Patrick Hunter’s August 1, 2010 article in CedMagazine.com raises two important points. The first point goes to the definition of network neutrality. Net neutrality proponents have been diluting the definition of net neutrality over the past few months. It’s gone from treating all traffic equally to a civil rights issue for consumers to, according to Google, equal treatment of like traffic.
For example, Google wants a content provider’s video traffic treated like every other content provider’s video traffic as opposed to the Color of Change definition, where Color of Change’s text traffic would be given the same treatment as Google’s traffic.
The FCC should focus on a definition of net neutrality that emphasizes the distribution of Internet traffic where network managers ensure efficient flow of traffic while protecting their networks and eventually the messages themselves from attack.

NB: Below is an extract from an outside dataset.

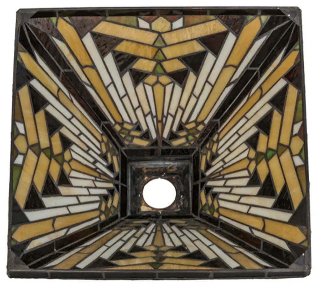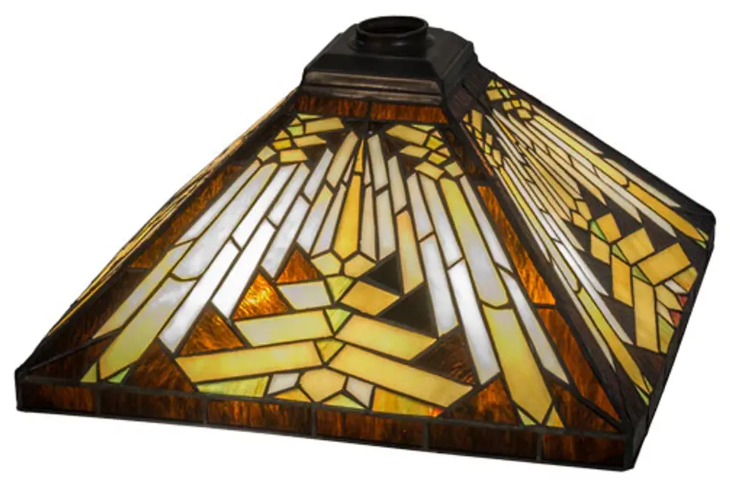 Like gazing out your window across the warm desert at sunset; interlocking tiles of Sand tone Beige glows behind the sun glistened Orange; Amber Green and Brown rays. All this is surrounded by a Root Brown border. ?The stunning shade is created using the famous Meyda Tiffany copperfoil construction method. The shade can be paired with a base to create a table/floor lamp or with hardware to build a beautiful ceiling fixture.

Given that, with two questionable exceptions, broadband access providers have been able to provide consumers with seamless transmission of traffic without additional rules, the FCC should focus on overseeing a market that in actuality is not a duopoly. This FCC seems so fixated with a “shoot first, ask questions later” approach to regulation, that it is now projecting itself to be non-aligned with the flexibility and innovation of the broadband access markets.
This observation leads us to the second point. Given, according to Mr. Hunter’s analysis, that only half of broadband access is attributable to cable modem and digital subscriber line technology, the FCC should re-engineer its own approach to market oversight. The FCC should consider the broadband access market competitive and address Internet access and consumer protection issues on a case-by-case basis.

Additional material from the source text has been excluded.